Care for your plants through winter. Place your cuttings in a warm spot that receives bright, indirect light, and continue to care for your cuttings for a few weeks until they root.
Transplant tomatoes outdoors in spring. Once your plants are properly hardened off, transplant them into pots or your garden beds.
Why Should You Overwinter Tomatoes?
Overwintering tomatoes is a fun experiment, but it has a few major advantages too.
By keeping tomatoes alive through winter, you can extend your growing season significantly.
You can harvest tomatoes earlier the following year.
Overwintering tomatoes can save you money.
It's a great way to preserve hard-to-find and heirloom tomatoes, as well as your favorite and most productive plants.
5 Cold-Hardy Tomato Varieties
While frost hardy tomatoes don’t exist, some tomatoes are more cold tolerant than others.

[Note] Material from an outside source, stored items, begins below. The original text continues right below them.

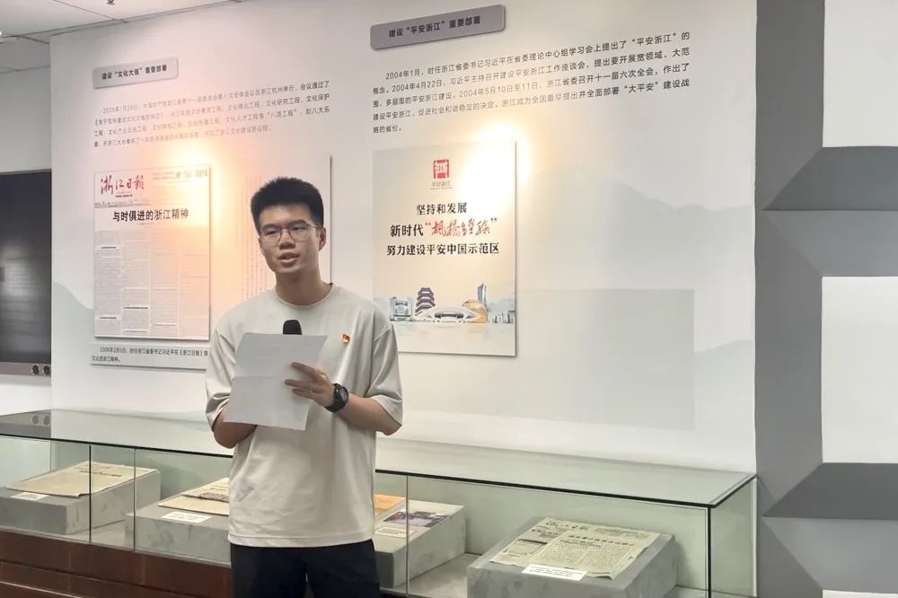 2020级研究生党员卢观铤从1920年9月出版的陈望道翻译的《共产党宣言》出发,用情至深地讲述了张人亚同志和他父亲守护党章的故事。他认为,寻访张人亚的过程也是寻找初心的过程。危急关头,张人亚首先想到党的文件和马克思主义书刊的安危,就像是一位红色火种的守护者,用生命捍卫信仰。作为新时代的党员,我们初心如磐,使命在肩,共产党人永远热血澎湃!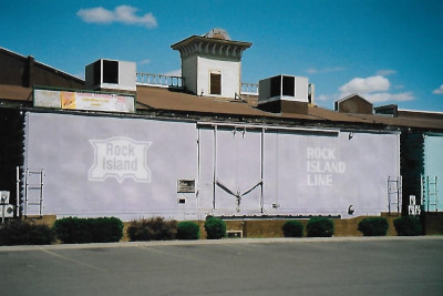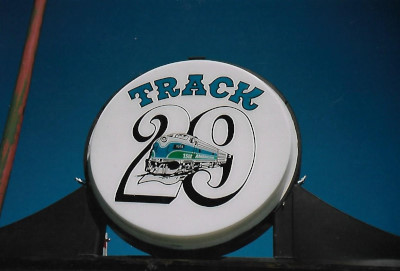 The sign for the outdoor shopping centre, Track 29, which was a series of businesses housed in boxcars connected by wooden walkways. It existed for a little over twenty-five years but most of the equipment was demolished in 2013 upon closure of the site.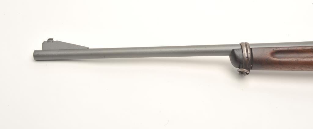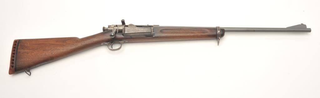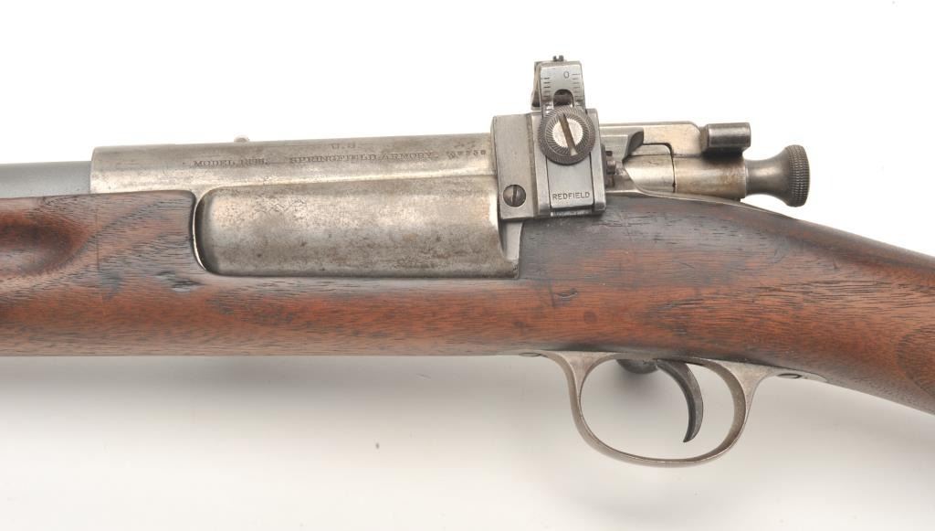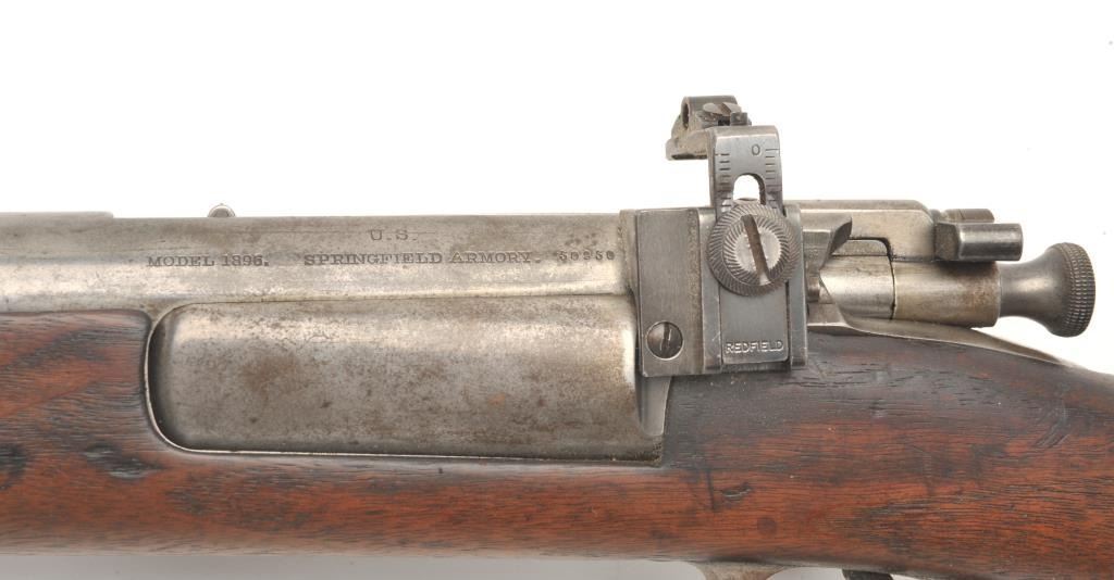 U. S. Springfield 1896 Krag bolt action rifle, .30-40 Krag caliber, serial #50950. The rifle is in fair overall condition with a 22 ½” barrel. The barrel has been re-finished in grey paint. The receiver hasgone to a silver/grey patina with light surface rust and a period Redfield aperture sight has been added in a side mount. The smooth wood stock is in fair condition showing heavy use with an old rubber recoilpad added. The bore is fair, the action functions and the markings are legible. (Antique) Est.: $300-$600.

If you want to extend your tomato growing season or overwinter tomatoes outdoors in mild climates, these cold tolerant tomato varieties are hard to beat!
Glacier. With an impressively long harvest season, ‘Glacier’ is one of the first tomatoes to fruit in summer and the last tomatoes to fruit in fall!
Moskvich. An early-season favorite, ‘Moskvich’ is resistant to cracking and grows well in greenhouses.
Siberian. Undeterred by the cold, ‘Siberian’ continues to fruit even when temperatures drop to 38 degrees Fahrenheit!
Sub-Arctic Plenty. One of the fastest growing heirlooms you can find, ‘Sub-Arctic Plenty’ is ready to harvest just 42 days after transplanting.
Oregon Spring. Another early producer, ‘Oregon Spring’ is resistant to verticillium wilt and produces fruit about 60 days after transplanting.